На солнце лежат солдаты. Они греют распухшие, отмороженные ноги: несколько дней они простояли в окопах, залитых ледяной водой. Сразу все высохло, и серебряная пыль покрывает итальянские тягачи, которые один за другим ползут по скверной проселочной дороге. Италия вошла в этот глухой угол Испании, в деревушки на холмах, где кричат ослы возле колодца и где женщины тащат большие глиняные кувшины. Солдаты курят итальянские папиросы. Ребята играют итальянскими ладанками. Артиллеристы деловито чистят итальянские пушки.

У убитого итальянского командира нашли дневник. Четвертого марта командир записал: «Все испанцы стоят друг друга. Я бы им всем дал касторки, даже этим шутам фалангистам, которые только и знают, что есть и пить за здравие единой Испании. Всерьез воюем только мы – итальянцы».

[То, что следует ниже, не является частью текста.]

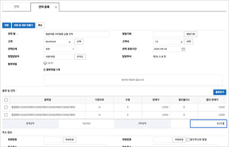4. 영업관리 견적등록에서 견적금액을 직접 입력토록 개선

Прошло две недели, и мы увидели, как итальянцы «воюют всерьез»: они побежали под натиском республиканцев с поспешностью базарных воришек, застигнутых облавой. Убегая, они бросали орудия и гранаты, пулеметы и знамена, танки и дневники. Все дороги забиты [151] итальянскими грузовиками. Вот гора еще не подобранных гранат. Пулеметы. Походные кухни. В Бриуэге республиканцы нашли котелок с теплыми макаронами: легионеры непобедимого Рима отбыли, так и не пообедав.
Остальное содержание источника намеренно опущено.